Na perspectiva da esquerda e de uma direita irresponsável, toda a discussão passa a ocorrer na estrita esfera distributiva, não levando em conta a produtiva. Discute-se a ampliação dos benefícios sociais, os ditos “direitos” das corporações, a criação de novos privilégios e assim por diante, como se os recursos do Tesouro fossem inesgotáveis. A luta pode tornar-se mesmo encarniçada entre as corporações incrustadas dentro do Estado e o restante da população, que não goza dos mesmos benefícios.
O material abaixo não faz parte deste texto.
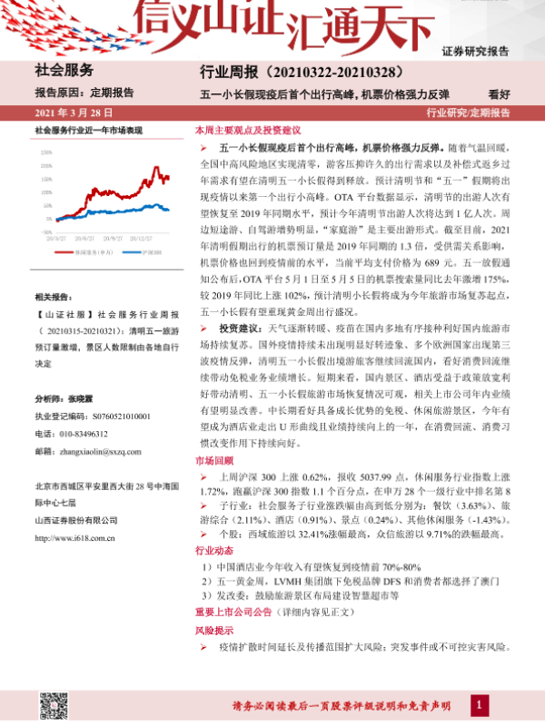 【山西证券】【20210328】社会服务行业周报:五一小长假现疫后首个出行高峰,机票价格强力反弹-9页 行业研究

Os dispêndios do Estado logo se tornam muito superiores às suas receitas, levando a uma situação de insolvência que, por sua vez, agudiza ainda mais os conflitos sociais.
As políticas públicas, e os partidos, deveriam estar, então, mais voltados para as condições de produção de riquezas, de tal maneira que os recursos à disposição do Estado possam também aumentar. Quanto mais rica for a sociedade, maior será a sua capacidade distributiva. Quando mais insistir em um distributivismo social sem amparo produtivo, menor será a sua própria capacidade distributiva, além de hipotecar a riqueza presente e a futura. Criam-se, assim, condições de asfixia da capacidade produtiva, que seriam concretizadas por aumentos de impostos e contribuições voltadas para financiar os déficits previdenciários.
O Estado de Bem-Estar, também dito Previdenciário, deve enfrentar o problema de financiamento da sua Previdência, uma vez que o seu crescimento exponencial não cabe mais dentro de suas disponibilidades de financiamento. Não se trata, como se alardeia, de um problema de “direitos”, mas de como o Estado seja capaz de gerir os seus recursos. O bolo é limitado. Uma fatia maior para a Previdência significa fatias menores para saúde, esgoto, educação e habitação.